For both issuers, a well‑timed anchor book and realistic pricing will be critical to ensure smooth execution in a crowded calendar.
What to Watch Next
Over the coming days, key milestones to track include:
- Announcement of price bands and lot sizes
- These will determine the final implied valuations and minimum ticket sizes for retail investors.
- Anchor investor line‑up on 11 December (ICICI Prudential AMC)
- Strong participation from marquee global and domestic institutions would be seen as a vote of confidence in both the issuer and the pricing.
- Finalisation of CleanMax IPO dates
- Confirmation of bidding window, along with any changes in offer size or OFS composition.

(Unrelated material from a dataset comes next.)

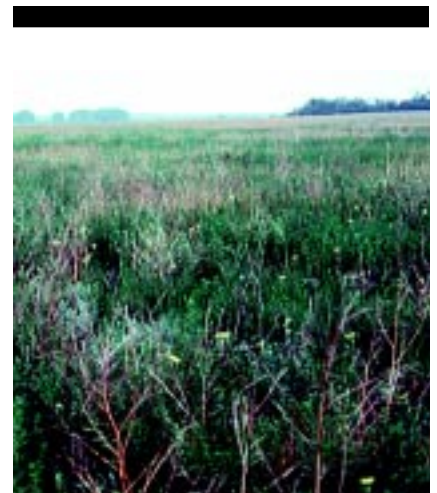
North Dakota CRP (USGS, NPWRC)

Conservation Reserve Program fields clearly are of greater value to breeding birds in the northern Great Plains than are croplands that they replaced. Nonetheless, the continuing loss of native grasslands is a critical concern.

- Grey market activity and analyst notes
- While grey market premium (GMP) is only one noisy indicator, early trend lines and broker research will further shape sentiment. As of early 6 December, formal GMP tracking sites were still awaiting active quotes for ICICI Prudential AMC due to the absence of a declared price band. [45]

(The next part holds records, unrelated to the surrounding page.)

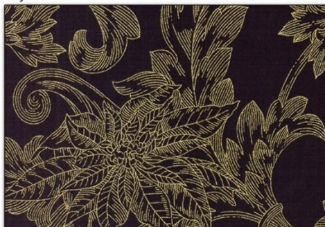
1/4 yd F8084 4G-Black Gold
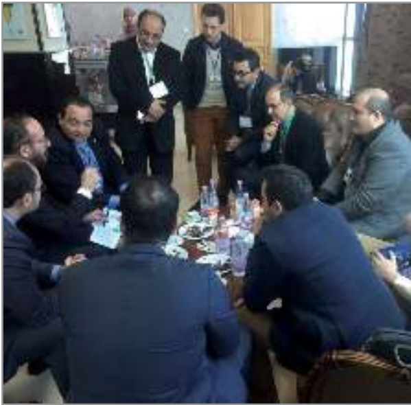
Figure 14: Tunisian Urology Association
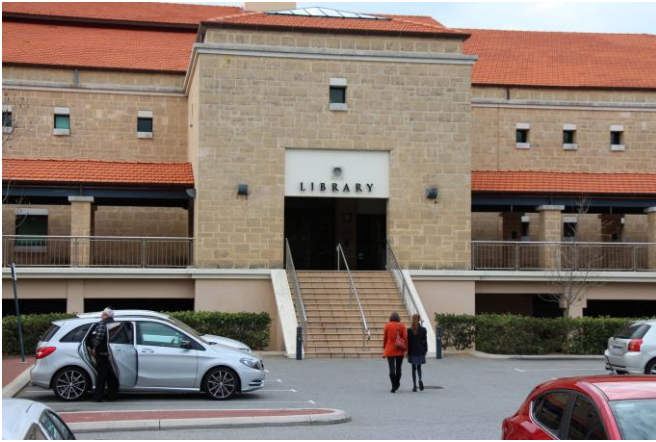
This is the Joondalup Library.
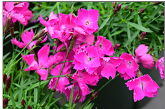
Beauties Kahori Pinks flowers
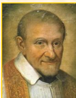
Portrait de Saint Vincent de Paul. Toile de l'glise paroissiale de Clichy.

The Gospel today is a great example of saying, "actions speak louder than words."

- Broader market conditions
- Sharp moves in benchmark indices or global risk‑off events could influence both subscription and listing performance across December IPOs.
Bottom Line
As of 6 December 2025, the ICICI Prudential AMC IPO is now formally on the runway for a 12 December launch, with a large, all‑OFS deal that offers investors a stake in one of India’s most profitable and sizable asset managers — but at a valuation that will be closely scrutinised once the price band is revealed. [46]
Close on its heels, CleanMax Enviro Energy’s ₹5,200‑crore IPO aims to monetise India’s accelerating corporate decarbonisation push while cleaning up a leveraged balance sheet, giving investors a high‑growth but higher‑risk renewable energy opportunity. [47]
For investors, the message from market experts is clear: in a record year of IPO issuance with moderating listing pops, valuation, governance and long‑term business quality matter far more than hype. Thoroughly reading the RHPs and consulting a SEBI‑registered advisor before applying is essential — especially when two of December’s biggest deals are competing for attention in the same fortnight.